May 20, 2005—Yesterday marked an important victory for "SB 862," the California state bill that would render illegal the embedding of RFID tags in state-issued identification documents like driver's licenses and state employee cards. The California State Senate approved SB 862 in a decisive, bipartisan 29-7 vote. Authored by Democratic State Senator Joe Simitian partly in response to the furor earlier this year in which an elementary school in Sutter, California, issued RFID-tagged identification badges to its students without first apprising their parents, the bill rapidly gained momentum a few weeks ago when it easily passed out of the Senate Judiciary Committee with a 6-1 victory.

In addition to disallowing RFID in state-issued documents, SB 862 criminalizes "skimming," in which tag data is surreptitiously read by an unauthorized party. Drafted with the help of the American Civil Liberties Union, Electronic Frontier Foundation, and Privacy Rights Clearinghouse, it has support from a number of organizations across California, including Capitol Resource Institute, the Free Congress Foundation, the AARP, the California Alliance Against Domestic Violence, the Statewide California Coalition for Battered Women, California NOW, and the California Commission on the Status of Women.

California is a state known as much for its dominant technology sector as for its progressive politics, and the hope is that the state legislature will be able to balance the two in this instance as it has in the past.

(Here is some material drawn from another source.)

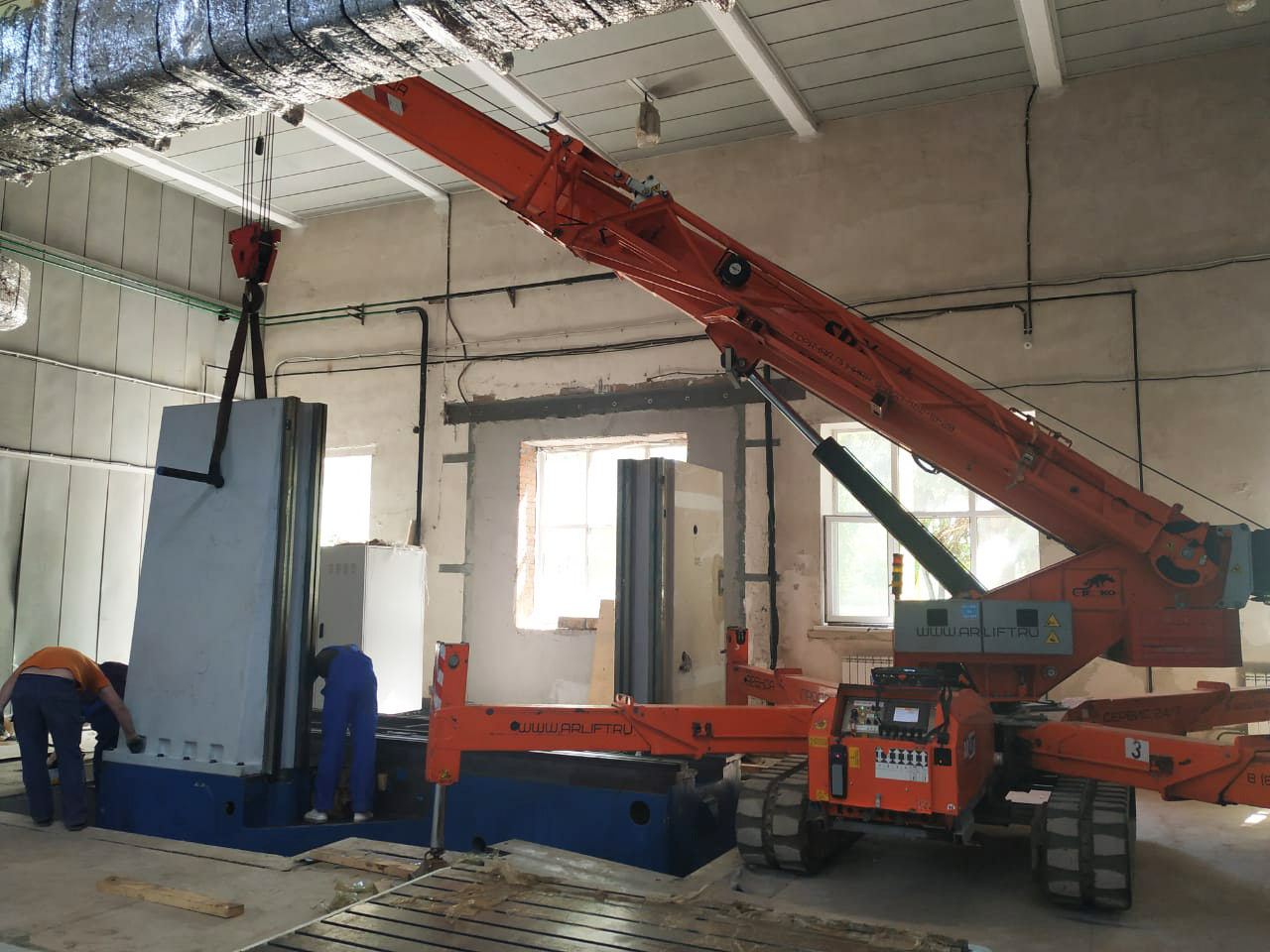 Мини-кран SPX1275 произвел монтаж станка, где вес каждой детали достигал 3-х тонн на одном из производств в Казани. Главная сложность заключалась в том, что завести и установить оборудование необходимо было на очень ограниченном пространстве, на котором также располагался и воздуховод, который еще уменьшал и без того небольшую площадку для монтажа.

Said Nicole Ozer, Technology & Civil Liberties Policy Director of the ACLU of Northern California, said "California legislators have always been on the forefront of passing important legislation to balance the potential benefits of emerging technology while safeguarding the privacy and security of Californians." If a measured approach is taken to both the commercial and privacy interests involved, California's new legislation may become a model for other states to follow.